- Directed by: Tanio Boccia
- Written by: Tanio Boccia; Gianni Mauro; Mario Moroni; John Davis Hart;
- Produced by: Diego Alchimede; Nino Misiano; Giorgio Morra; Giuliano Simonetti;
- Starring: Gianna Maria Canale; Rik Battaglia; Irène Tunc;
- Cinematography: Vincenzo Seratrice; Luciano Trasatti;
- Edited by: Mario Sansoni
- Music by: Giovanni Fassino
- Production companies: Tabos Film; Produzioni Europee Associati (PEA);
- Distributed by: Variety Distribution
- Release date: 21 October 1960;
- Running time: 102 minutes
- Country: Italy
- Language: Italian

= The Conqueror of the Orient =

1960 film

The Conqueror of the Orient (Il conquistatore dell'Oriente) is a 1960 Italian adventure film directed by Tanio Boccia and starring Gianna Maria Canale, Rik Battaglia and Irène Tunc.

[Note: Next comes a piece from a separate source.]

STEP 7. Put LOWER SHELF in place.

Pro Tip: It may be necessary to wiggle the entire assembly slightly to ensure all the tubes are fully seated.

It is set several centuries ago in the Middle East, part of a group of Arabian Nights-inspired films made in Italy during the era. It was shot at the De Laurentiis Studios in Rome.

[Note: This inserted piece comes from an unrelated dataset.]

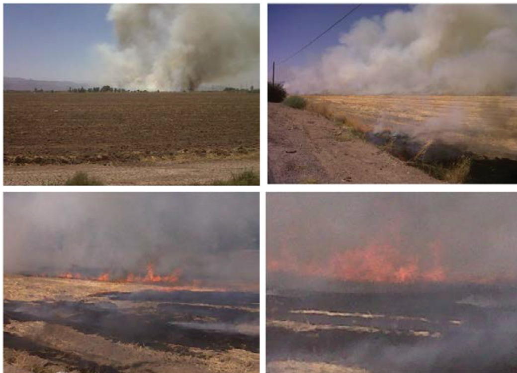
Figure 1. Wheat straw burning practices in Mexico.

The plot centres around a lowly fisherman saving a princess from the kingdom's oppressive rulers, then discovering that he is the true heir to the throne.

==Cast==
- Gianna Maria Canale as Dinazar / Zobeida
- Rik Battaglia as Nadir
- Irène Tunc as Fatima
- Edda Ferronao as Fatima' Maid #1
- Attilio Torelli as Leader of the Red Robes Tribe
- Riccardo Ferri as Leader of the White Robes Tribe
- Myriam Cordella as Fatima' Maid #2
- Aldo Pini as Chief of Prison Guards
- Renato Montalbano
- Paul Muller as Sultan Dakar
- Tatiana Farnese as Katiscia
- Franco Balducci as Nureddin, Nadir's Companion
- Giulio Donnini as Rato - the Chancellor
- Fosco Giachetti as Omar, Nadir's Father

== Bibliography ==
- Howard Hughes. Cinema Italiano: The Complete Guide from Classics to Cult. I.B.Tauris, 2011.